* Source material *

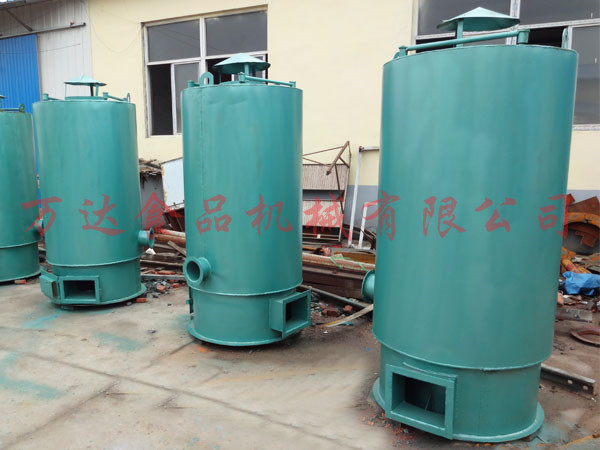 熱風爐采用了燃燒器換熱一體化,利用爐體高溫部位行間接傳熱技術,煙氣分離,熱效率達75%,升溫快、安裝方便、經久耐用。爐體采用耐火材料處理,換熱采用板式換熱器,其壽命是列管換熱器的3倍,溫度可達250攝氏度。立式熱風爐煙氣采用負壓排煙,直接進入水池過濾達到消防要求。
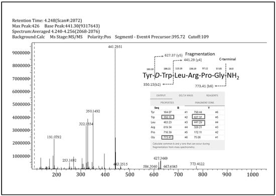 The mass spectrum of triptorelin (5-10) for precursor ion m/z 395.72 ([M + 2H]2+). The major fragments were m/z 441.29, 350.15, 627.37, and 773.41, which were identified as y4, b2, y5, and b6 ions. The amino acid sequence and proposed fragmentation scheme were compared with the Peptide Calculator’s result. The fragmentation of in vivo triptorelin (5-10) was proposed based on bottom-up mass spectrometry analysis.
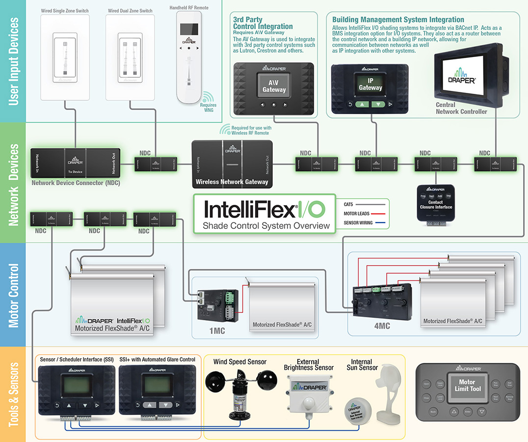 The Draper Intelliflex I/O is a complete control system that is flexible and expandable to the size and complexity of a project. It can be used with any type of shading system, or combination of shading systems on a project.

* Exercise requirements *
Pictures in the data above should not be copied; transcribe everything else exactly.

* Task result *
 熱風爐采用了燃燒器換熱一體化,利用爐體高溫部位行間接傳熱技術,煙氣分離,熱效率達75%,升溫快、安裝方便、經久耐用。爐體采用耐火材料處理,換熱采用板式換熱器,其壽命是列管換熱器的3倍,溫度可達250攝氏度。立式熱風爐煙氣采用負壓排煙,直接進入水池過濾達到消防要求。
 The mass spectrum of triptorelin (5-10) for precursor ion m/z 395.72 ([M + 2H]2+). The major fragments were m/z 441.29, 350.15, 627.37, and 773.41, which were identified as y4, b2, y5, and b6 ions. The amino acid sequence and proposed fragmentation scheme were compared with the Peptide Calculator’s result. The fragmentation of in vivo triptorelin (5-10) was proposed based on bottom-up mass spectrometry analysis.
 The Draper Intelliflex I/O is a complete control system that is flexible and expandable to the size and complexity of a project. It can be used with any type of shading system, or combination of shading systems on a project.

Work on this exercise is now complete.